Посмотрел гость всю нашу учебно-лабораторную базу, пожелал познакомиться с комплексом снарядов и сооружений, предназначенных для физической подготовки космонавтов. Повели мы его на открытые спортплощадки.
-Терпимо, — отозвался ученый. — Пока можно мириться, Но вам надо иметь хороший спортивный корпус. Закрытый плавательный бассейн. Это нужно.
Осмотр еще не закончился, когда подъехала машина из ВВС. Главный конструктор тепло поздоровался с приехавшим генералом-авиатором и, как мне показалось, обрадованно воскликнул:
— Очень кстати встретились!
Ученый и генерал беседовали недолго. Но разговор был памятный. Главный конструктор с присущей ему прямотой высказал свои замечания в наш адрес за медлительность в неотложных делах, а потом по-свойски обратился к генералу-авиатору:
— Что же это вы, дорогие друзья, молчите, как в рот воды набрали? Интересуют вас новые наши модели?
— Да, желательно было бы посмотреть, чем нас порадуете, — нетерпеливо заговорил генерал.
— Хочу, чтобы вы пришли к нам не как гости, а как добрые соучастники. Ведь авиация на самой близкой дистанции от космоса. Так я понимаю, — улыбнулся ученый.
— Собственно, авиация "родила космос, — ответил генерал. — Вон все орлы сюда слетелись из наших истребительных полков.

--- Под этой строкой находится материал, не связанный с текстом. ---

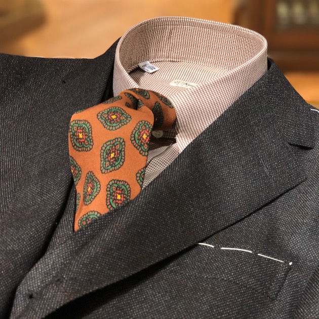 ヴィンテージの雰囲気を感じるスーツですので、タブカラーシャツにプリントのタイがオススメです。
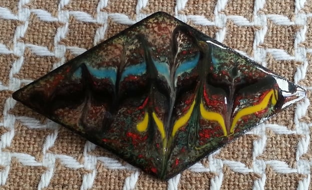 After building up a base coat of red over several layers of clear enamel on the copper shape I then fired rods of turquoise, black and yellow over it and when the piece was ared hot, in the kiln, I drew through these with a steel tip to generate the pattterns you see. Thewre is a textural element to the brooch where the enamel has set smooth but not flat on the surface. This also creates an interference with the play of light on the piece, adding to its complexity.
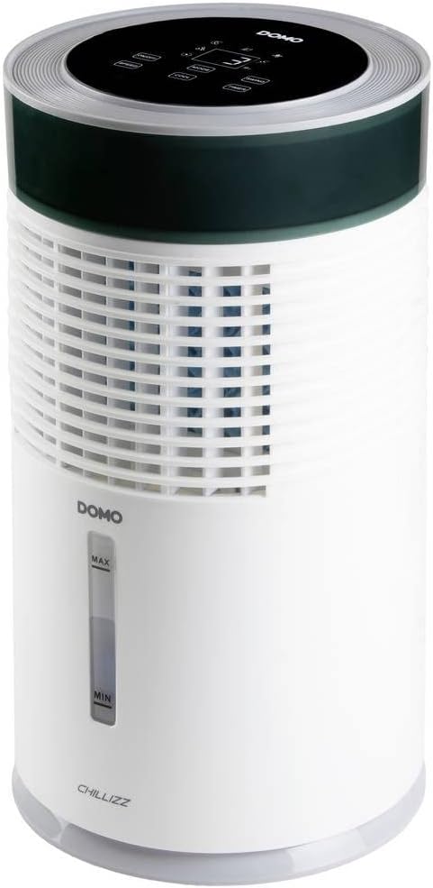 DOMO DO159A Luftkühler Desktop "Chillizz" لینک آمازون : https://www.amazon.de/dp/B0BBH4YBRS?th=1&psc=1 دستگاه چند منظوره: خنک کننده هوا (هوای سرد)، پنکه و رطوبت ساز سیستم تصفیه هوا که هوا را تمیز و عاری از گرد و غبار میکند راندمان خنککنندگی بالا به لطف غشای خنککننده لانه زنبوری مخزن آب ۱۰۰٪ قابل جدا شدن با حجم ۱.۸ لیتر ظرفیت (زمان استفاده +/- ۹ ساعت) و پنجره مشاهده پنل کنترل با روشنایی LED برای سهولت در کار ۳ حالت تهویه: نرمال - طبیعی - حالت خواب 6 سرعت برای فن تایمر تا ۸ ساعت حرکت چرخشی، هوای خنک را تا زاویه ۸۰ درجه پخش میکند؛ ۹.۶ وات
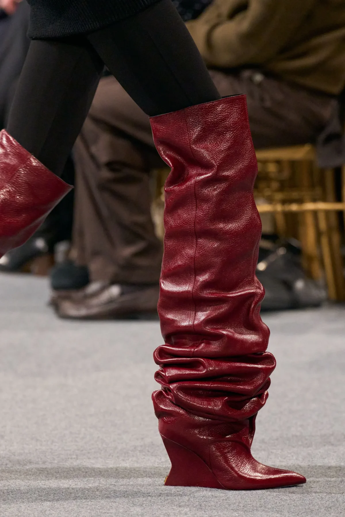 在 Balmain 2025 秋冬時裝展中,剛宣布即將離任的創意總監 Olivier Rousteing 打造了多套以酒紅與深色調過膝長靴為重點的造型。這些靴款採用慵懶的鬆垮靴筒設計,並巧妙地搭配厚底與尖頭細節,展現出品牌一貫的前衛風格。
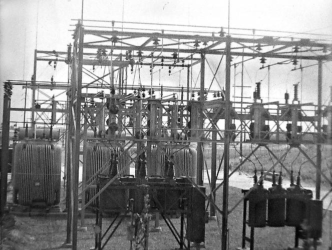 Substation off Pulaski Rd. in Huntington, NY handled just these voltages back in 1961 when this picture was taken. Now it has 138kv coming in, stepping down to both 69kv and 13kv, with the 69kv stepping down to 23kv since 23kv is still used. All of the equipment shown here has been taken out by the 1980s. |
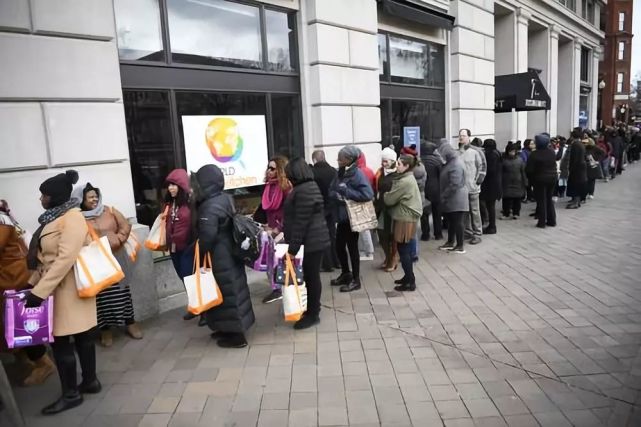 冬日里,华盛顿哥伦比亚特区道路上行人稀少、商户门厅冷清,但在国家广场附近一处街角却见人排起了长队。
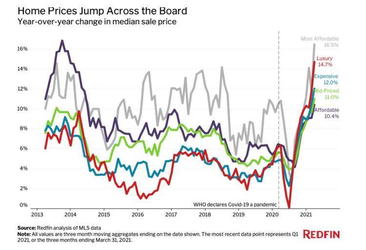 从去年下半年,美国房市就开始逆周期大卖。今年第一季度,豪宅销售量增加了41.6%,远超可负担住房(Affordable-Home,可理解为经济适用房)、廉价房(Most Affordable Home)等其他类型的住宅。
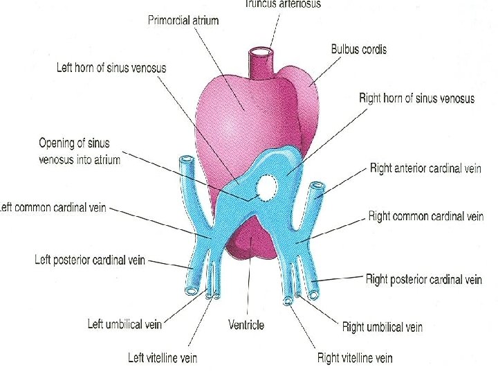 Cardinal Veins Ø During the eighth week the anterior cardinal veins become connected by an anastomosis Ø This anastomosis shunts blood from the left to the right anterior cardinal vein Ø This shunt becomes the left brachiocephalic vein when the caudal part of the left anterior cardinal vein degenerates Ø Superior vena cava forms from the right anterior cardinal vein and the right common cardinal vein
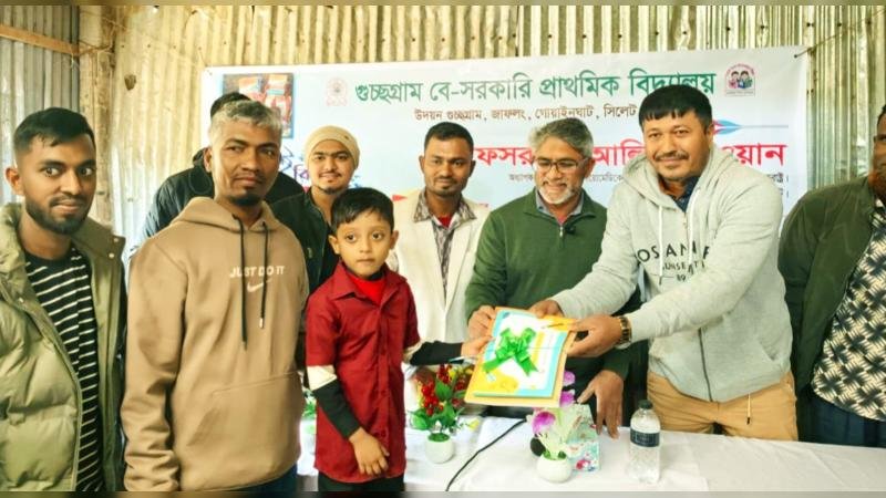 সিলেটের গোয়াইনঘাট উপজেলার জাফলংয়ে গুচ্ছগ্রাম বেসরকারি প্রাথমিক বিদ্যালয়ে বই বিতরণ, কৃতি শিক্ষার্থী সংবর্ধনা ও অভিভাবক সমাবেশ অনুষ্ঠিত হয়েছে।
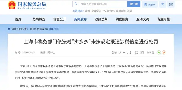 1月21日,上海税务部门披露,在《互联网平台企业涉税信息报送规定》实施后,拼多多未能按要求报送2025年第三季度的相关涉税信息。尽管在收到责令改正通知后进行了整改,但并未在规定期限内完成。
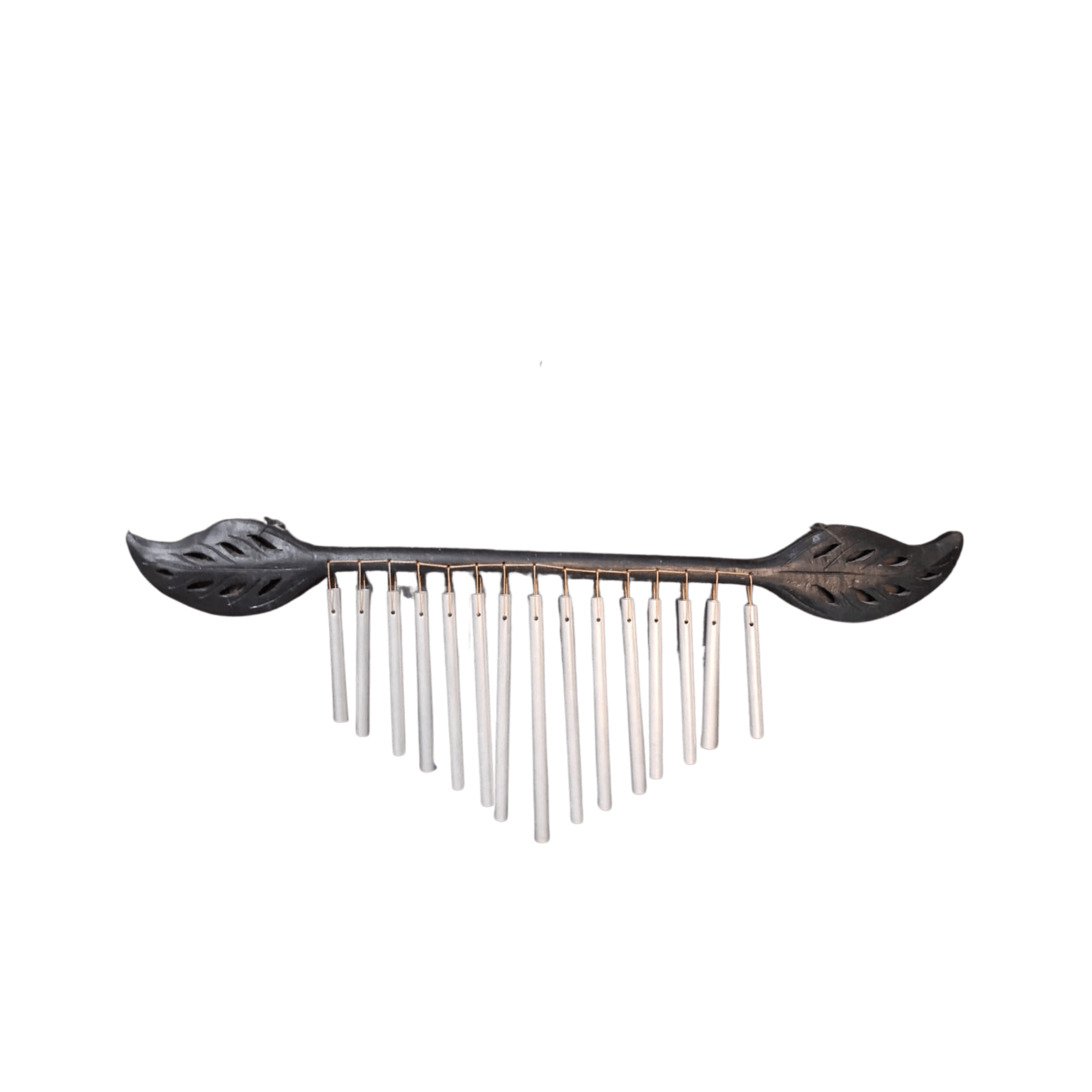 Elegant leaf-inspired windchime crafted from wood and metal to create soothing natural melodies.

— Что там орлы. Я ведь тоже из вашего гнезда вылетел, — вздохнул собеседник генерала. — Считайте, четверть века авиации отдал. Да и сейчас, как видите, с ней не расстаюсь.
И вот мы на заводе. Принял нас прежде всего Главный конструктор. Он встретил всех как давних знакомых, коротким, выразительным "здравствуйте". Деловой разговор начался сразу. Главный конструктор сказал:
— Считайте, что вы прибыли осваивать свое новое жилище. Оно стоит вот тут, рядом. Сейчас вы его посмотрите, а потом будете обживать. А теперь давайте немного помечтаем. — Главный конструктор задумчиво сморщил лоб и улыбнулся своей приятной улыбкой: — Да, я люблю мечтать. Без этого, извините, не представляю нашу работу.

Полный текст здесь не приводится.